Não pude contabilizar o tempo, mas fomos interrompidos por Charlie. Era notório que Stan nutria profundo carinho por Chaplin, algo que transcendia a admiração profissional, já que ambos se conheceram antes do sucesso. Ele segurava uma taça já quase vazia, quando deu um amigável tapinha no rosto do meu novo amigo.

- A noite está mais longa que o normal, preciso sair um pouco. Querem me acompanhar? – Chaplin estava levemente alterado pelo álcool, mas era um convite irrecusável.

Mary Pickford acenou para mim, enquanto nós atravessávamos o salão em direção à porta de entrada. Stan tomou a frente, já no lado de fora, preocupado com o amigo.

- O que houve? – Stan acendeu um cigarro. – Mildred?

Chaplin suspirou, tentando disfarçar.

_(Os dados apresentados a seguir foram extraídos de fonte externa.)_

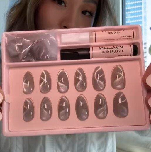 UV Cured Polar Press On Nails| 32 Nails in 16 Sizes, 2 Glues-up to 45 Days Wear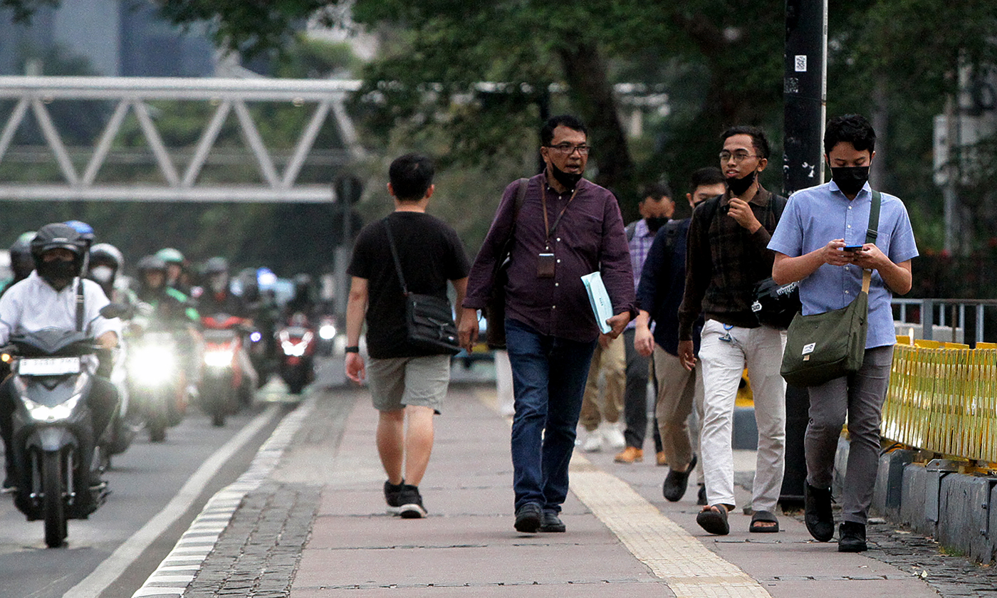 Aktivitas pekerja melintas di crossing, Jalan MH Thamrin, Jakarta, Senin (20/11/2023).

Senti que minha presença o impedia de realmente tocar no assunto. Stan também sentiu, então mudou o tema.

***

Chaplin estava prestes a se separar de Mildred Harris, após o trágico falecimento do filho do casal, por má formação intestinal, com apenas três dias de vida. Ela era uma jovem de caráter discutível, que havia inicialmente mentido sobre sua gravidez, como forma de segurar a relação e forçar o casamento. Em Abril, ela daria início aos procedimentos de divórcio.